Stated another way, the chip architects felt that having 1:1 parity between integer and floating point performance was not the best use of silicon budgets (area, power, cost). This judgement is necessarily some sort of analysis over a broad base of codes. Obviously pure integer codes would like to see the 1:1 parity, and in fact would probably like an integer GPU, with twice as much integer throughput and zero floating point throughput, to take the analogy to the extreme. Such a chip would not be viable as a graphics device.

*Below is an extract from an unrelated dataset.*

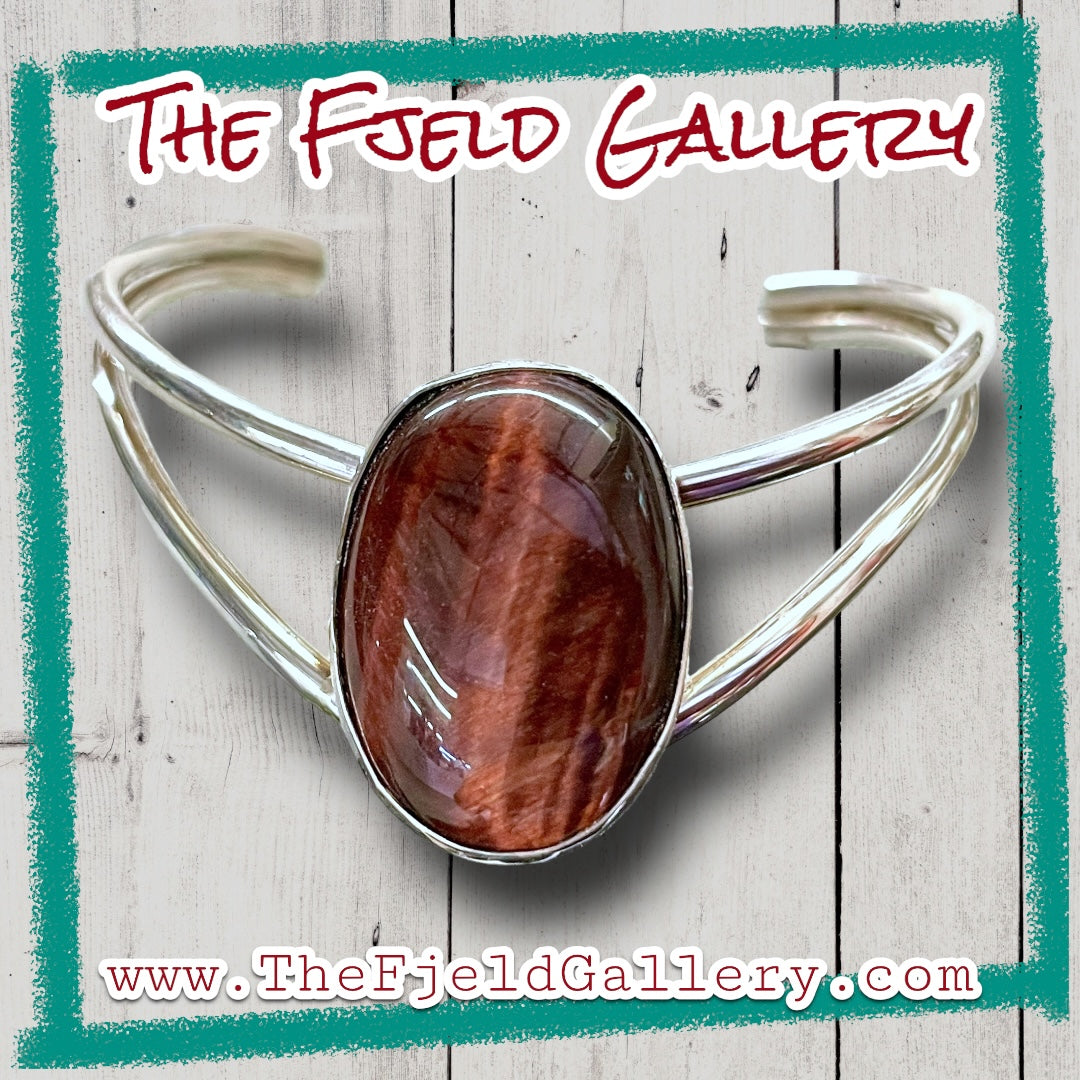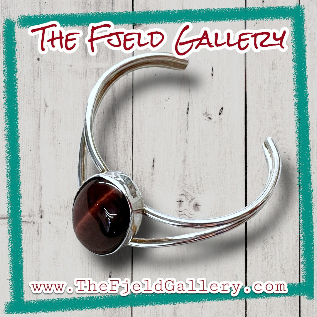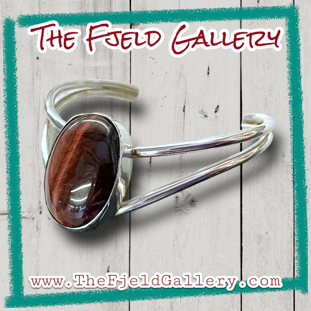 Beautiful opalescent reddish brown tigers eye cabochon bezel set in sterling silver with a chevron style cuff bracelet.

Since it seems like perhaps the only case in question is integer multiply on cc 5.0, I went ahead and did a comparison for a single integer multiply on cc 3.5 and cc 5.0.

kernel:

__global__ void mult_test(const int a, const int b, int *c){

  *c = a*b;
}

cc3.5:

.
        /*0008*/                   MOV R1, c[0x0][0x44];        /* 0x64c03c00089c0006 */
        /*0010*/                   MOV R0, c[0x0][0x144];       /* 0x64c03c00289c0002 */
        /*0018*/                   MOV R2, c[0x0][0x148];       /* 0x64c03c00291c000a */
        /*0020*/                   MOV R3, c[0x0][0x14c];       /* 0x64c03c00299c000e */
        /*0028*/                   IMUL R0, R0, c[0x0][0x140];  /* 0x61c01800281c0002 */
        /*0030*/                   ST.E [R2], R0;               /* 0xe4800000001c0800 */
        /*0038*/                   EXIT;                        /* 0x18000000001c003c */

cc 5.0:

.
        /*0008*/                   MOV R1, c[0x0][0x20];                /* 0x4c98078000870001 */
        /*0010*/                   MOV R6, c[0x0][0x144];               /* 0x4c98078005170006 */
        /*0018*/                   MOV R3, c[0x0][0x140];               /* 0x4c98078005070003 */
                                                                        /* 0x001f8400fc2007e1 */
        /*0028*/                   XMAD R0, R6, R3, RZ;                 /* 0x5b007f8000370600 */
        /*0030*/                   XMAD.MRG R5, R6, R3.H1, RZ;          /* 0x5b007fa800370605 */
        /*0038*/                   MOV R2, c[0x0][0x148];               /* 0x4c98078005270002 */
                                                                        /* 0x001fc400fc4007e4 */
        /*0048*/                   MOV R3, c[0x0][0x14c];               /* 0x4c98078005370003 */
        /*0050*/                   XMAD.PSL.CBCC R0, R6.H1, R5.H1, R0;  /* 0x5b30001800570600 */
        /*0058*/                   STG.E [R2], R0;                      /* 0xeedc200000070200 */
                                                                        /* 0x001f8000ffe007ff */
        /*0068*/                   EXIT;                                /* 0xe30000000007000f */

So the single-instruction integer multiply (IMUL) on cc 3.5 gets expanded to about 4 instructions on cc5.0. Note that all 64-bit integer operations, on all architectures, get expanded to multiple-instruction-sequences.

Just test it on Titan X Maxwell GPU with compute capability 5.2, CUDA toolkit 7.5, the number of “multiple instructions” for integer multiplication is 5.